Information provided =>
• • • • • • •

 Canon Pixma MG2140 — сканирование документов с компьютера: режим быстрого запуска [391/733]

• • • • • • •

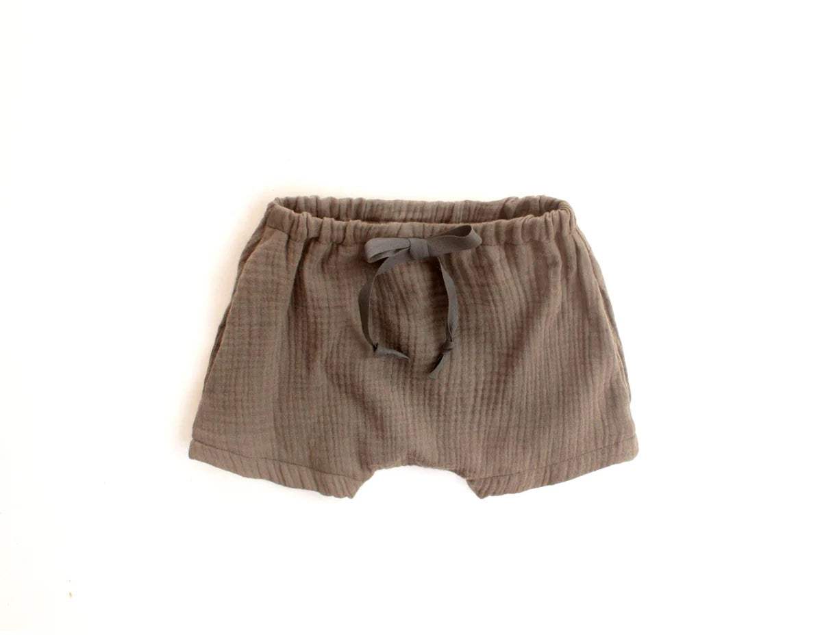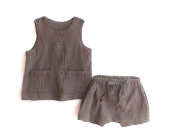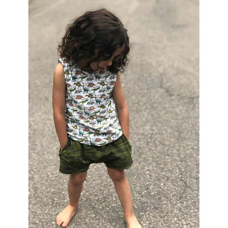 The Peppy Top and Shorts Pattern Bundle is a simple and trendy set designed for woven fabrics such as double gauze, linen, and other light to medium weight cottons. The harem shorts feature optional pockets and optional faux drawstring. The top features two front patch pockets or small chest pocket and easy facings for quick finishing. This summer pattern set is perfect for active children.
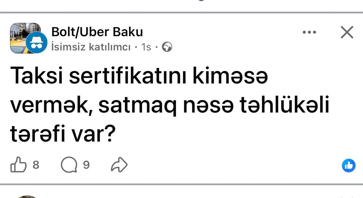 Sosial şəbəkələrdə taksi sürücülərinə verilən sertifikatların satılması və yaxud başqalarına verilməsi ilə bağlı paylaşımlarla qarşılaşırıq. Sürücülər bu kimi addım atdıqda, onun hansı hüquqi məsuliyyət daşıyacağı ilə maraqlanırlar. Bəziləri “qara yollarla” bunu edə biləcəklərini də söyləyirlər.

• • • • • • •

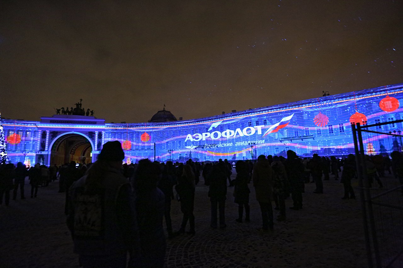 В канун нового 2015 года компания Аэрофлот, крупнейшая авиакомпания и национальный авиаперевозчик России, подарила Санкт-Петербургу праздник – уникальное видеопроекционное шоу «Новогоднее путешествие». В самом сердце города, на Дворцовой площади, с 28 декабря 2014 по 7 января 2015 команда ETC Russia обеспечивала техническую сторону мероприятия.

• • • • • • •

Requirement => Using the entries above, reproduce word for word only the lines from the one that contains "The Peppy Top" to the one that contains "Sosial şəbəkələrdə taksi", both ends included, and drop every picture.

Your response =>
 The Peppy Top and Shorts Pattern Bundle is a simple and trendy set designed for woven fabrics such as double gauze, linen, and other light to medium weight cottons. The harem shorts feature optional pockets and optional faux drawstring. The top features two front patch pockets or small chest pocket and easy facings for quick finishing. This summer pattern set is perfect for active children.
 Sosial şəbəkələrdə taksi sürücülərinə verilən sertifikatların satılması və yaxud başqalarına verilməsi ilə bağlı paylaşımlarla qarşılaşırıq. Sürücülər bu kimi addım atdıqda, onun hansı hüquqi məsuliyyət daşıyacağı ilə maraqlanırlar. Bəziləri “qara yollarla” bunu edə biləcəklərini də söyləyirlər.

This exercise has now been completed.